Can we know which time slot will be occupied by task continuation?

Question

Assume Executor() is running on the UI thread.

void Executor()
{
    BadAsync();
    Thread.Sleep(1000); // E1
    Thread.Sleep(1000); // E2
}

async void BadAsync()
{
    await Task.Delay(1000); // B1
    Thread.Sleep(1000);     // B2
}

• As Executor() does not await BadAsync() then B1 and E1 run simultaneously in the first second.
• As B1 captures the UI thread then B2 runs on the UI thread too.
• The following diagram shows there are 2 time slots x and y in the UI thread for B2 and E2.

Can we know which time slot will be occupied by B2?

Edit

Using a minimal example with MAUI.

<VerticalStackLayout>
    <Label x:Name="start" Text="Start"/>
    <Label x:Name="stop" Text="Stop"/>
</VerticalStackLayout>

public partial class MainPage : ContentPage
{
    public MainPage()
    {
        InitializeComponent();
        start.Text = DateTime.UtcNow.ToLongTimeString();
    }
    protected override async void OnAppearing() // analogous to BadAsync()
    {
        var d = 979; // in my computer 979 is the average of critical values
        await Task.Delay(d);
        Thread.Sleep(5000 - d);
        stop.Text = DateTime.UtcNow.ToLongTimeString();
    }
}

// Page.cs
[EditorBrowsable(EditorBrowsableState.Never)]
public void SendAppearing()// analogous to Executor()
{
    // others ...
    OnAppearing();
    Appearing?.Invoke(this, EventArgs.Empty);
    // others ...
}

• When d is set to a value far below 979, the output starts with a blank window first and then switch to the following after several milliseconds.

  

  In this case B2 is executed in SendAppearing() (or before SendAppearing() returns).

• But when d is set to a value far above 979, the output starts with

  

  first and then

  

  after several milliseconds.

  In this case B2 is executed outside SendAppearing() (or after SendAppearing() returns).

Non-trivial example

public partial class MainPage : ContentPage
{
    public MainPage(MainPageViewModel model)
    {
        InitializeComponent();
        BindingContext = model;
    }
    protected override async void OnAppearing() // analogous to BadAsync()
    {
        if(BindingContext is MainPageViewModel model)
        {
              await model.LoadDataAsync(); 
              UpdateUISync();              
        }
    }
}

Answer 1

B2 will run after E2.

Task.Delegate is just a wrapper around System.Threading.Timer.

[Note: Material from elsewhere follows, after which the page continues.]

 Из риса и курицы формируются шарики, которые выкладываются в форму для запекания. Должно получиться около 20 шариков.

So your example would be converted to something like this:

void Executor()
{
    BadAsync();
    Thread.Sleep(1000); // E1
    Thread.Sleep(1000); // E2
}

SynchronizationContext context;
System.Threading.Timer timer;
void BadAsync()
{
    context = SynchronizationContext.Current;
    timer = new System.Threading.Timer(OnTimerElapsed, null, 1000, Timeout.Infinite );
}
void OnTimerElapsed(object? _){
    timer.Dispose();
    if(context != null){
        context.Post(B2);
    }
    else{
       B2();
    }
}
void B2(){
    Thread.Sleep(1000);     // B2
}

Lets say we have threads available, so OnTimerElapsed will run 1s after the timer started. If Executor was called on the UI thread then context.Post(B2) will be called while the UI thread is sleeping in E2.

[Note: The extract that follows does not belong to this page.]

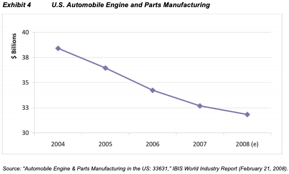 But to many observers in 2009, the future of the automotive industry looked bleak, if not catastrophic. In the United States, for decades the center of the automotive world, growth had reached a plateau, volumes had stagnated, and the major manufacturers faced bankruptcy. Among U.S. manufacturers of engines and parts – CX Technology’s potential customers and competitors – revenue had fallen by more than 17% over the past four years (Exhibit 4) and consolidation was rampant. Elsewhere car production was up but competition fierce, particularly among the suppliers popping up like mushrooms wherever labor was cheap. Any firm seeking to enter as a new Tier 2 supplier would be walking into a maelstrom, if not a minefield.

context.Post essentially just adds a message to a thread safe queue (the message queue) that the UI thread reads from. But if the UI thread is bussy (by sleeping) it cannot process any messages, so it first has to finish whatever it is doing, return to the message loop, process any other messages, and then finally run B2 when its message is processed.

This is one reason you should avoid running anything time consuming on the UI thread. If messages are not being processed the application will appear "frozen". So do not block the UI thread.

You usually want to be explicit in the order you run things in, by ensuring all async methods return tasks, and all tasks are awaited. This also helps ensures failures are handled. The main exception are event handlers, where you should make sure to handle any exceptions.